**Work instruction:** From the listing below, copy only the lines from the line that contains "Wyrób medyczny Spray" to the line that contains "Cocok untuk casing", counting those two lines as part of the copy.

**Given data:**

^^^^^^^^

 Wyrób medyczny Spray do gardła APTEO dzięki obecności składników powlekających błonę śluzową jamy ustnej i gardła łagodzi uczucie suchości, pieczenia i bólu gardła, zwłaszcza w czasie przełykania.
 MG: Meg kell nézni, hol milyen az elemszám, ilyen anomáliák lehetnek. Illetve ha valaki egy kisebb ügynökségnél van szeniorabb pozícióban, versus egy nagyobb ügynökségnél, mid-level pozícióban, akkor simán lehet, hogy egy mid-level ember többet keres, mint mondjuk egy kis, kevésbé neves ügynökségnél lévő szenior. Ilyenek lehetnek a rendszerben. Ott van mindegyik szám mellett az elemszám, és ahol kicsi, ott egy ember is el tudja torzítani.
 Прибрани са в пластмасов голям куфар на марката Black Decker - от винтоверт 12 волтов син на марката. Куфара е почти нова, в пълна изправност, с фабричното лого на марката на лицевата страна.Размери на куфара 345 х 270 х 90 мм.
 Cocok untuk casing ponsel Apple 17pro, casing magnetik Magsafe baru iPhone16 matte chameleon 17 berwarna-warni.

^^^^^^^^

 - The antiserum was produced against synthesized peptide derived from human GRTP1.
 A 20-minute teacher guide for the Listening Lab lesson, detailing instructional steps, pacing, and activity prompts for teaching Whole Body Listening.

^^^^^^^^

**Your response:**
 Wyrób medyczny Spray do gardła APTEO dzięki obecności składników powlekających błonę śluzową jamy ustnej i gardła łagodzi uczucie suchości, pieczenia i bólu gardła, zwłaszcza w czasie przełykania.
 MG: Meg kell nézni, hol milyen az elemszám, ilyen anomáliák lehetnek. Illetve ha valaki egy kisebb ügynökségnél van szeniorabb pozícióban, versus egy nagyobb ügynökségnél, mid-level pozícióban, akkor simán lehet, hogy egy mid-level ember többet keres, mint mondjuk egy kis, kevésbé neves ügynökségnél lévő szenior. Ilyenek lehetnek a rendszerben. Ott van mindegyik szám mellett az elemszám, és ahol kicsi, ott egy ember is el tudja torzítani.
 Прибрани са в пластмасов голям куфар на марката Black Decker - от винтоверт 12 волтов син на марката. Куфара е почти нова, в пълна изправност, с фабричното лого на марката на лицевата страна.Размери на куфара 345 х 270 х 90 мм.
 Cocok untuk casing ponsel Apple 17pro, casing magnetik Magsafe baru iPhone16 matte chameleon 17 berwarna-warni.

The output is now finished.